RECORDS FOR THIS TASK:
┌────────

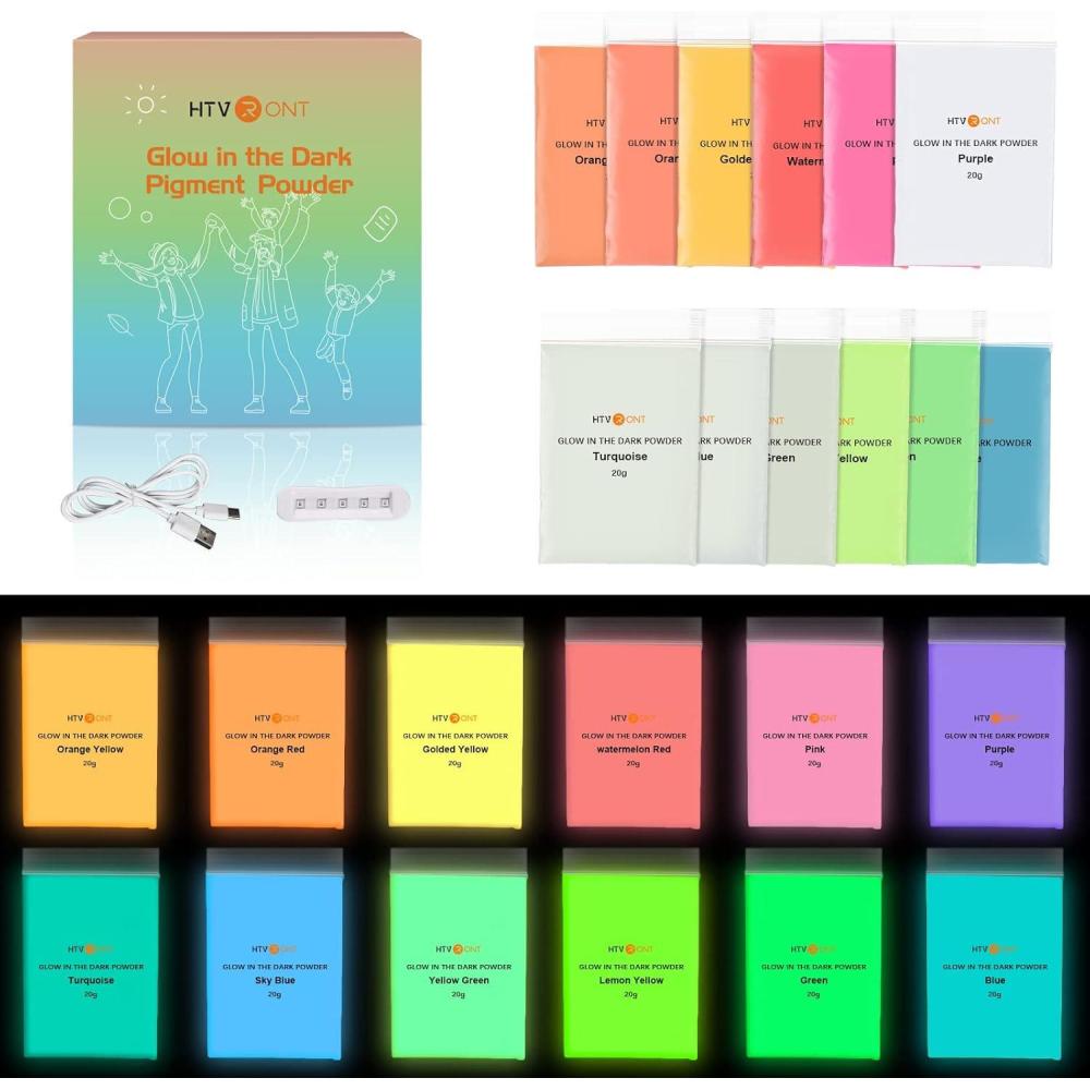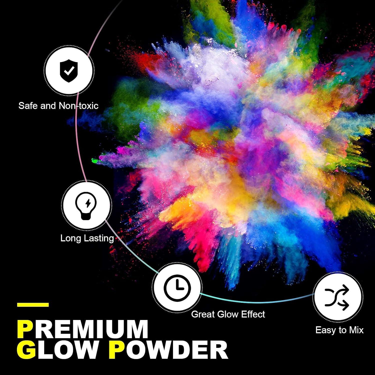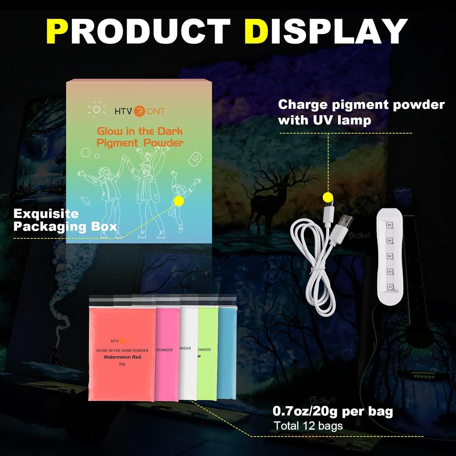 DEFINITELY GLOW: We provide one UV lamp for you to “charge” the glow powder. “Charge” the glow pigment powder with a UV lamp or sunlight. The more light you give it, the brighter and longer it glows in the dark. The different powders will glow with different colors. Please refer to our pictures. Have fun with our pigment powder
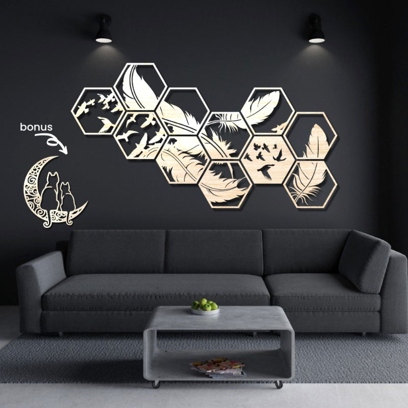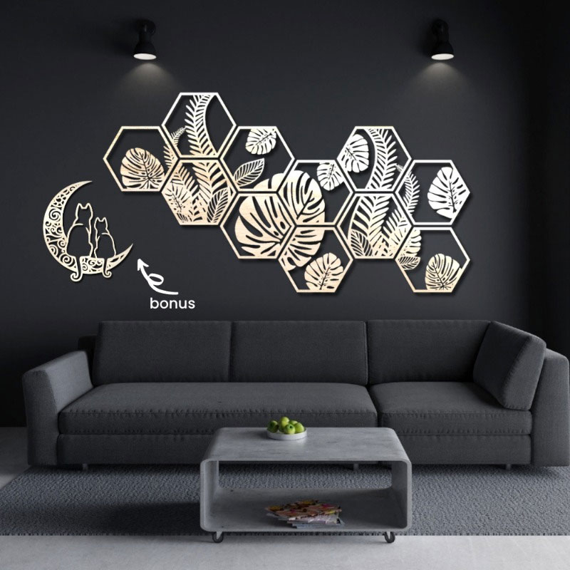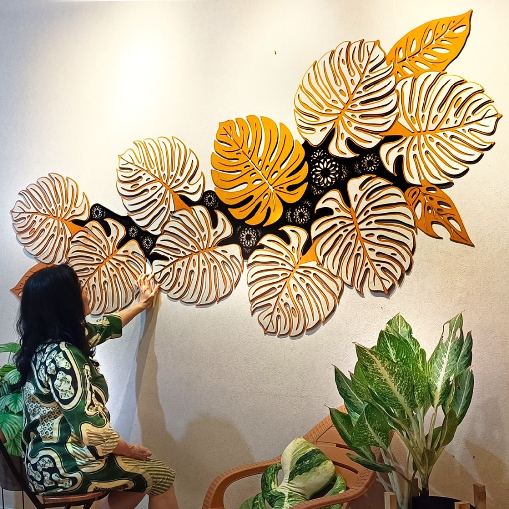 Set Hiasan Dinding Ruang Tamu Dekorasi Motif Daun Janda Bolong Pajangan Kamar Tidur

└────────
┌────────

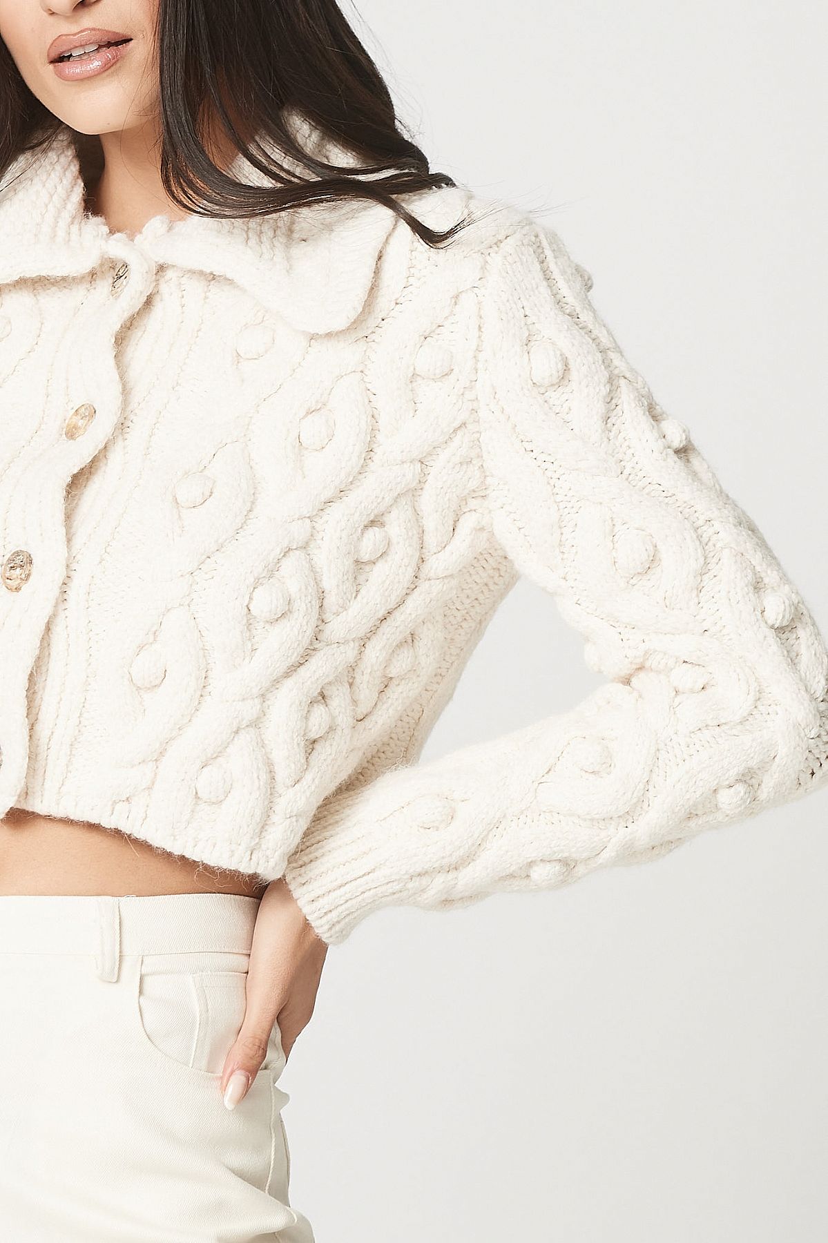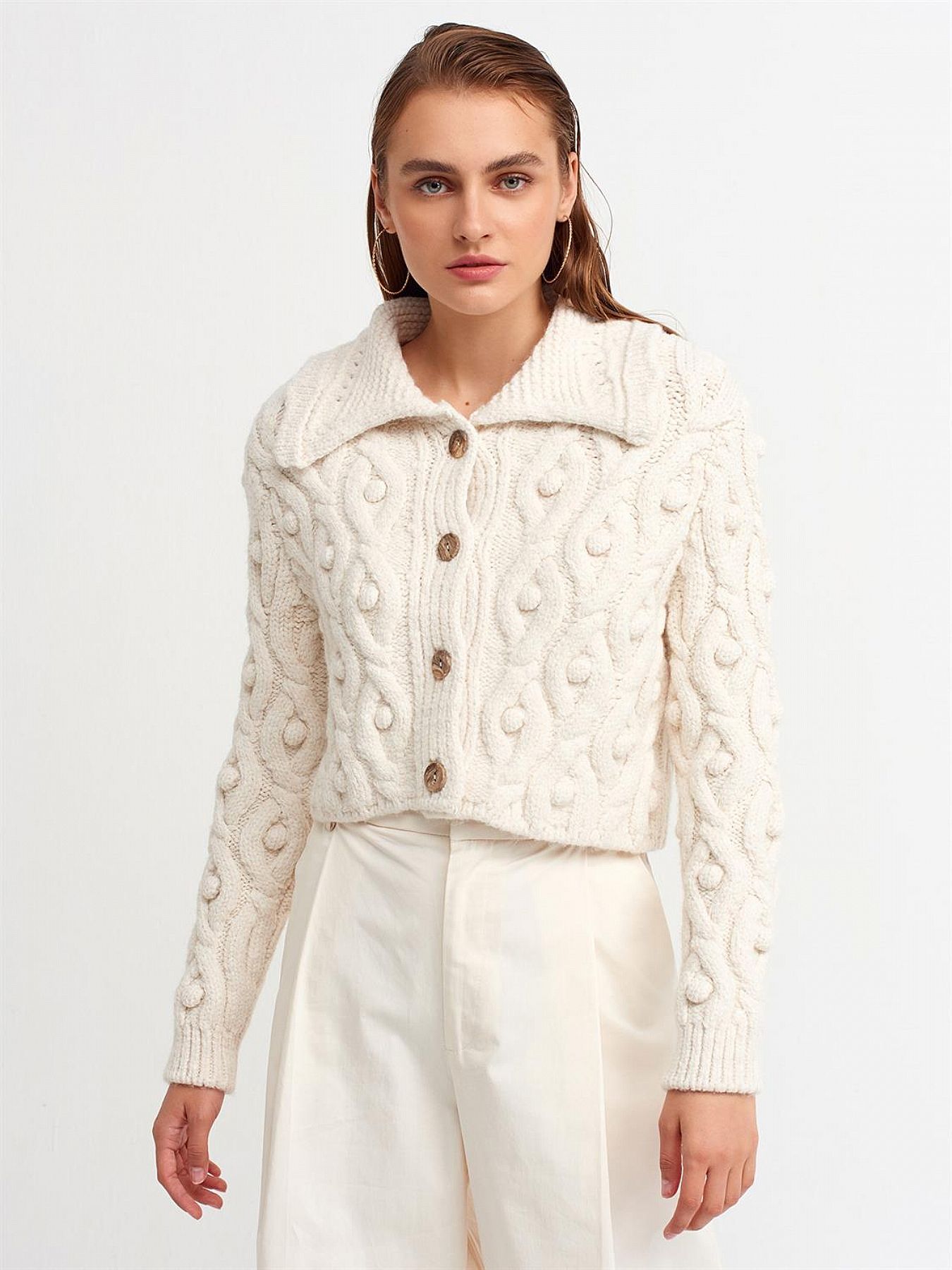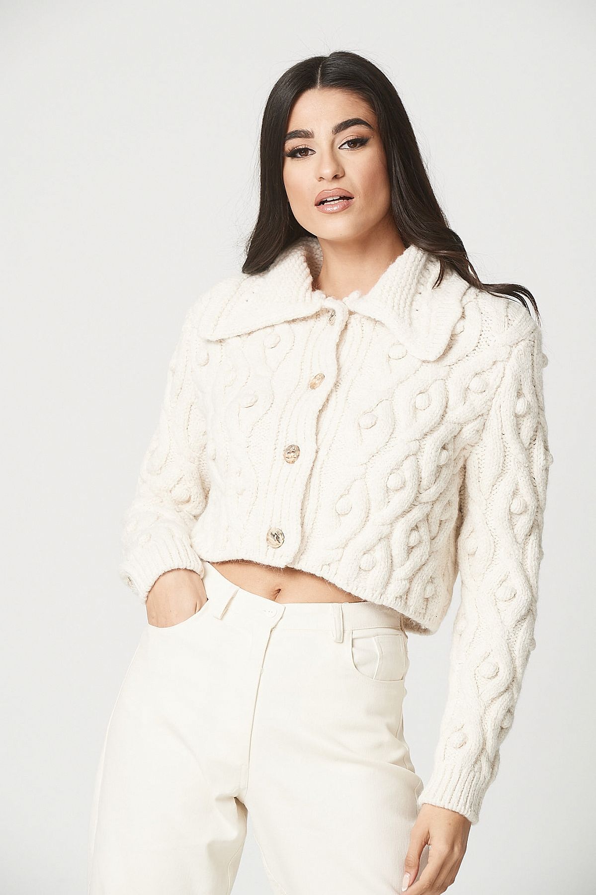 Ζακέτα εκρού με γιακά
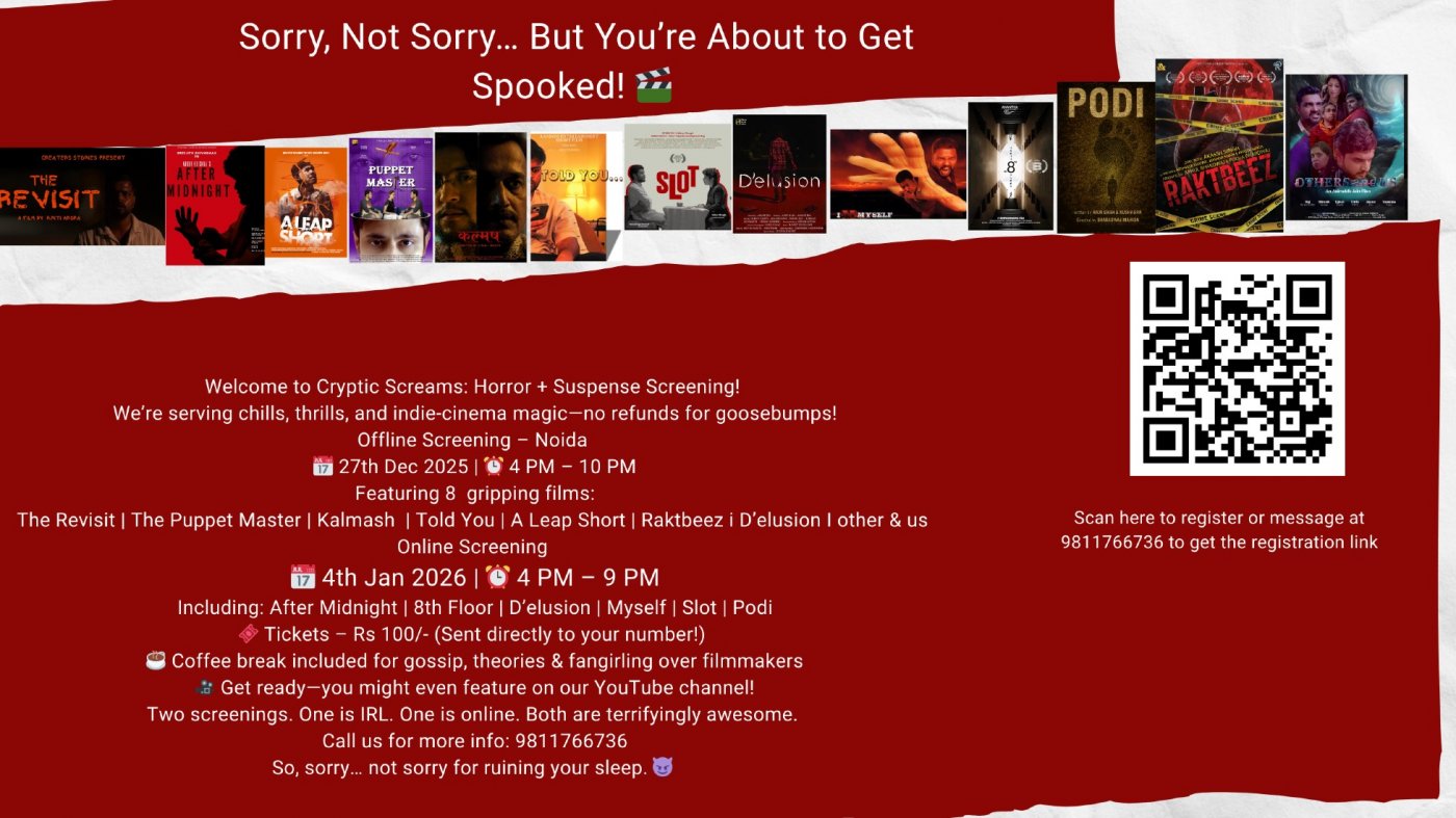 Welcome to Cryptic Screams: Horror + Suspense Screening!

└────────

HOW TO COMPLETE THIS TASK:
Although the records above contain pictures, the copy must not; set down exactly the lines from the one with "DEFINITELY GLOW: We" up to and including the one with "Set Hiasan Dinding".

RESULT OF THE EXERCISE:
 DEFINITELY GLOW: We provide one UV lamp for you to “charge” the glow powder. “Charge” the glow pigment powder with a UV lamp or sunlight. The more light you give it, the brighter and longer it glows in the dark. The different powders will glow with different colors. Please refer to our pictures. Have fun with our pigment powder
 Set Hiasan Dinding Ruang Tamu Dekorasi Motif Daun Janda Bolong Pajangan Kamar Tidur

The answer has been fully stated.